- Culburnie Location within the Inverness area
- Population: 121
- OS grid reference: NH486414
- Council area: Highland;
- Country: Scotland
- Sovereign state: United Kingdom
- Post town: Kiltarlity
- Postcode district: IV4 7
- Police: Scotland
- Fire: Scottish
- Ambulance: Scottish
- UK Parliament: Inverness, Nairn, Badenoch and Strathspey;
- Scottish Parliament: Skye, Lochaber and Badenoch;

= Culburnie, Highland =

Culburnie (Scottish Gaelic: Cùil Braonaigh, Scots: Chainry) is a scattered hamlet in the Highland council area of Scotland.

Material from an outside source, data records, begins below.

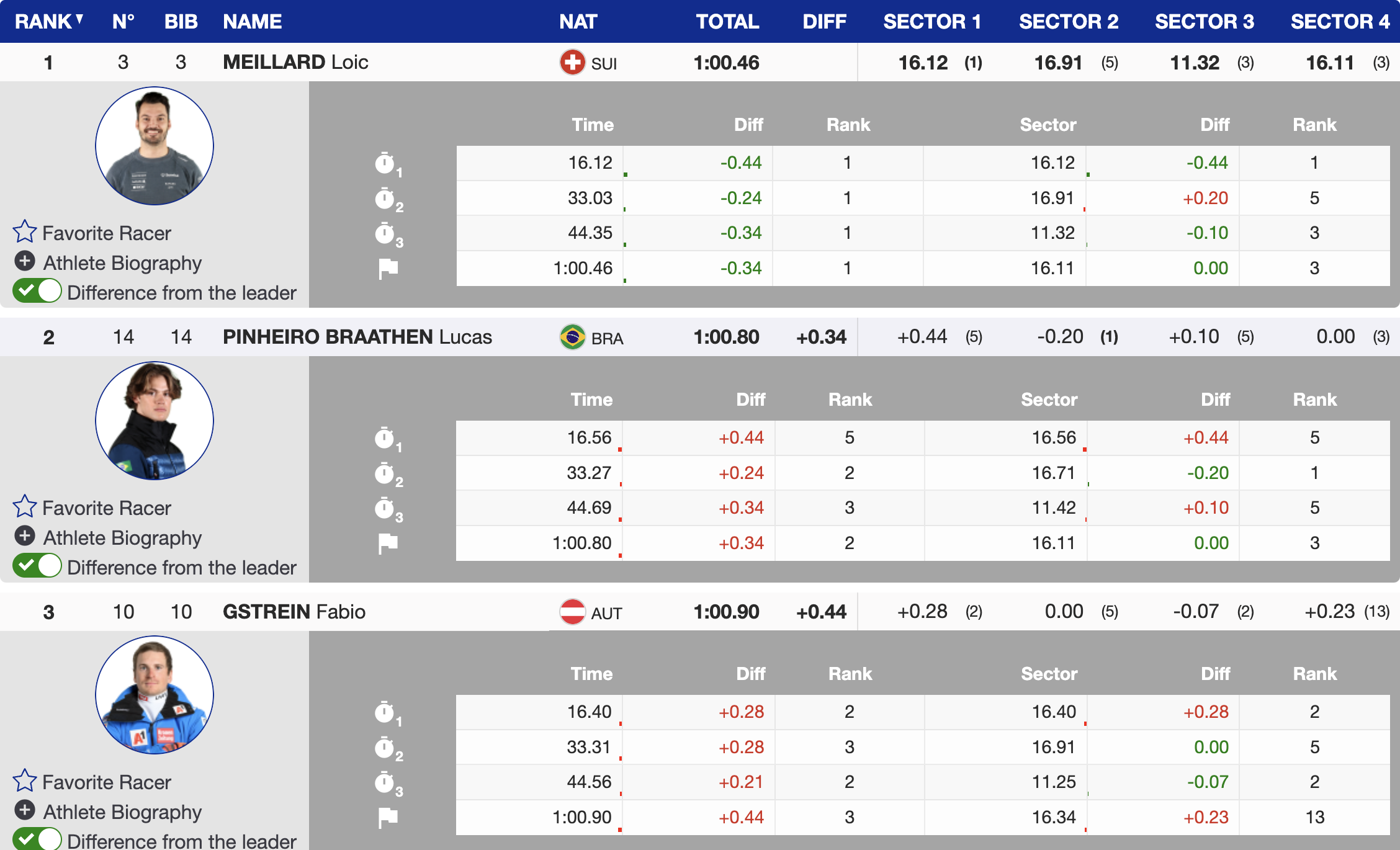 Austria’s Fabio Gstrein sits third, just 0.44 seconds behind Meillard, while France’s Clément Noël, a four-time winner this season and second in the slalom standings, is fourth at +0.52. The top five are separated by just over half a second, with Atle Lie McGrath (+0.53) and Norway’s Henrik Kristoffersen (+0.84) in the mix.
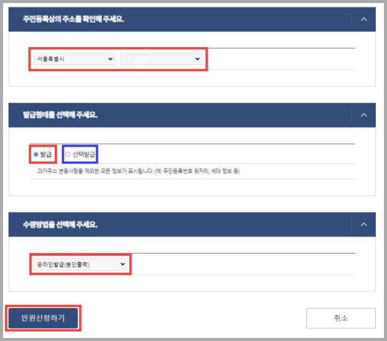 - 다양한 발급 옵션: 주소 변동 사항, 세대 구성 정보 등 추가 정보를 선택할 수 있습니다.
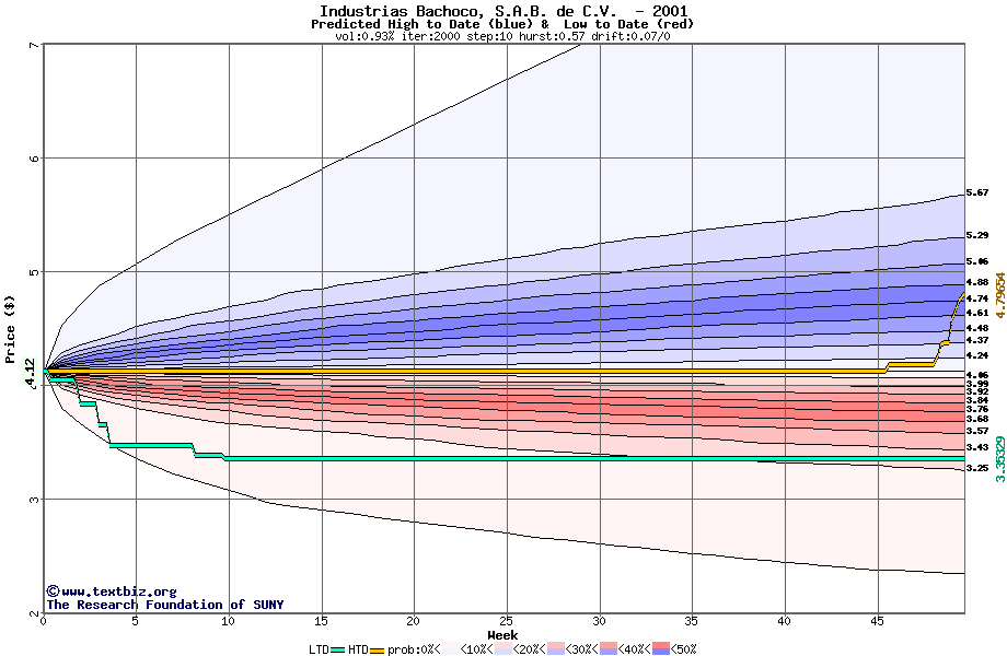 The high to date and low to date prices of the stock plotted against a random walk model for 2001 (what's this?).
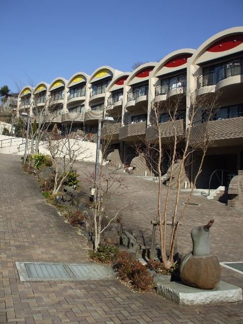 傾斜地に建つ集合住宅。メゾネット式。中央通路に添い芸術家の作品が点在し、住民の皆様の憩いの広場は癒しの空間となっています。
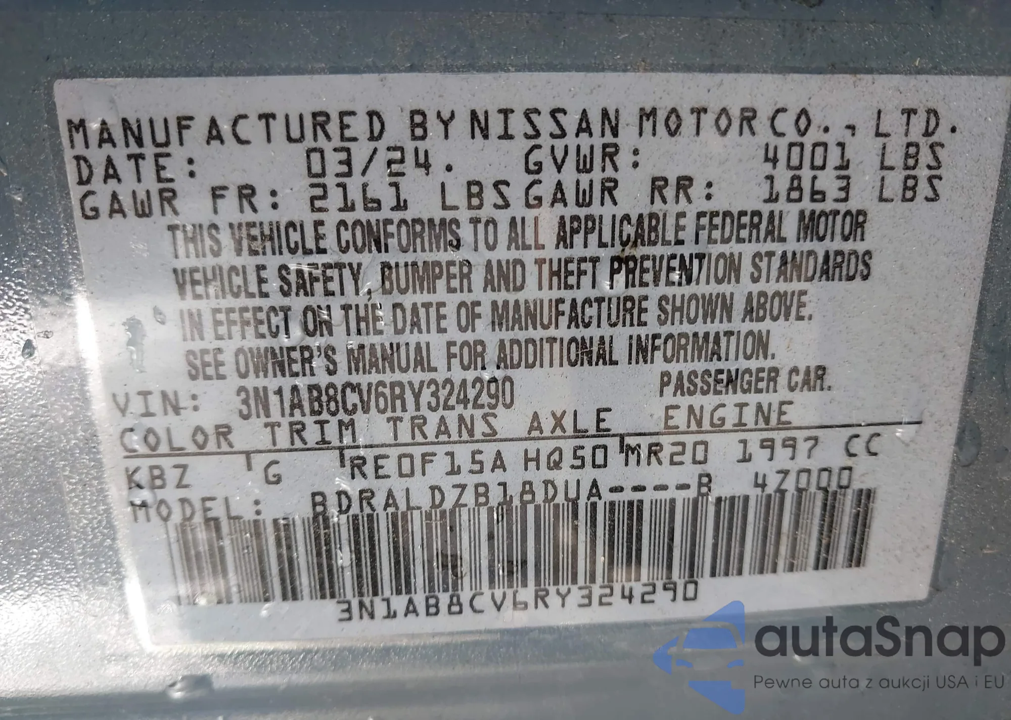 VIN: 3N1AB8CV6RY324290
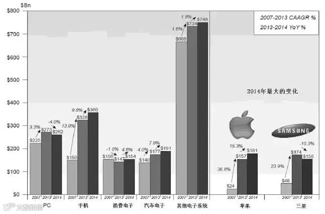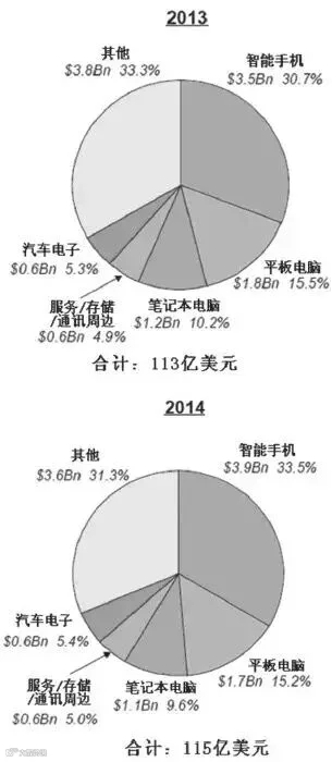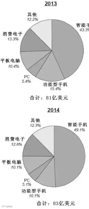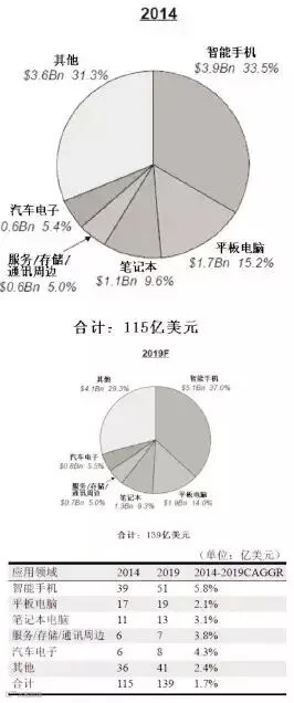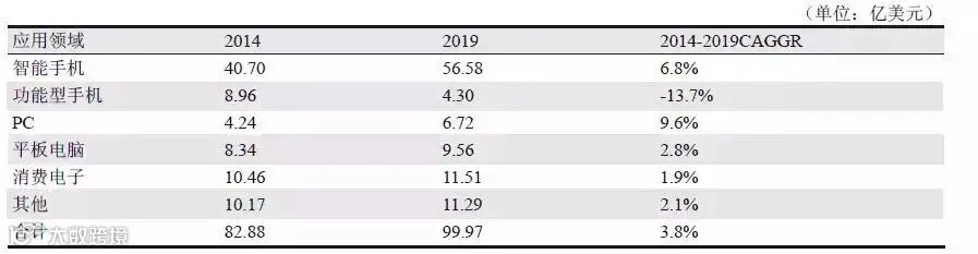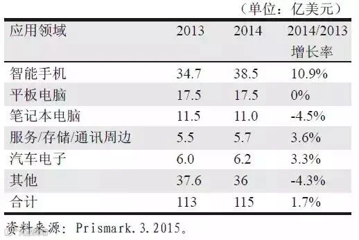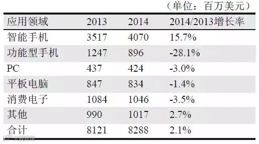 预测终端应用部分,PC端将持续稳定;智能终端仍然会增长,但力度不如前几年,2014年平板就增长停滞,苹果平板甚至出货下滑,而市场容量及竞争者加入,这部分的增长必定会放缓。
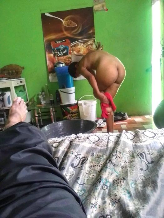 The latest being a photo of slay Queen taking a bath on the sitting room while her boyfriend watching from a distance.
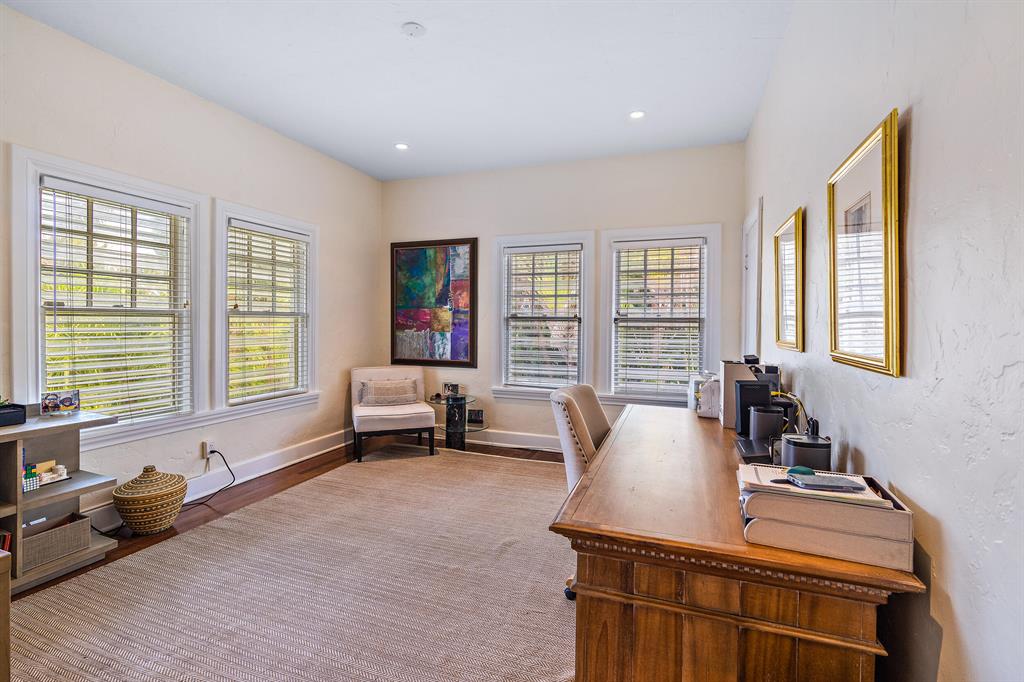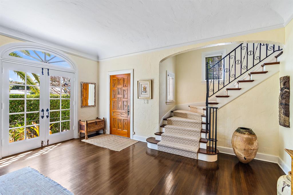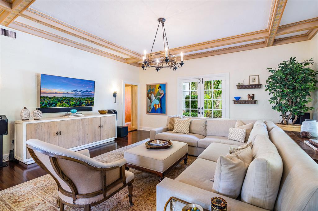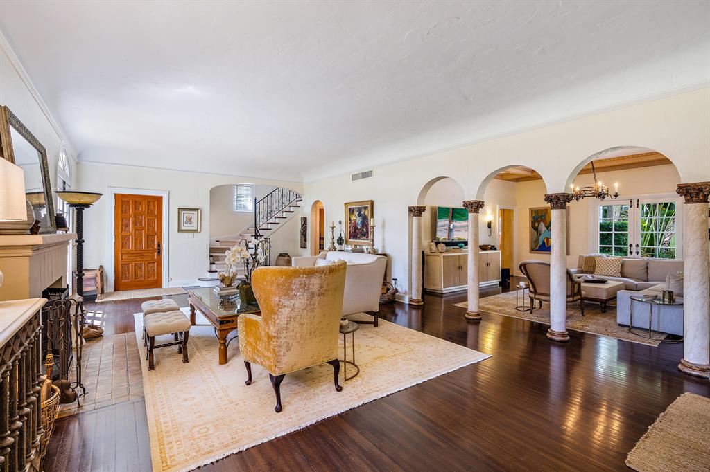 Absolutely stunning 3-Story home on a premium lake block street in the South of Southern (SOSO) area of West Palm Beach. Situated on a rare 13,000SF parcel is a thoughtfully designed 4,974SF Mediterranean home with a separate guest house above the detached 2-car garage. 9ft ceilings, a large family room, and living room give this 1930's home incredible volume and size in the primary living areas. The second floor features 4 generous bedrooms and 2 bathrooms. A bonus 3rd floor tower gives you incredible views and a wonderful, private location to relax. Phenomenal outdoor entertaining space with a covered loggia and pool w/spa. The professionally installed landscaping and landscape lighting creates a feeling of being in a European oasis.

It is 1.2 miles (2 km) west of Kiltarlity, and 12.4 miles (20 km) west of Inverness.

The name may come from the Gaelic term for "at the back of the damp place".

Until 1968, Culburnie had its own primary school, built sometime in the 19th century by the Free Church of Scotland. Primary pupils now travel to the nearby school at Tomnacross, while secondary students attend Charleston Academy in Inverness.

The Culburnie Burn (also known as the Teanacoil Burn) passes through the area before flowing into the Bruiach Burn, which in turn joins the Beauly River and Firth.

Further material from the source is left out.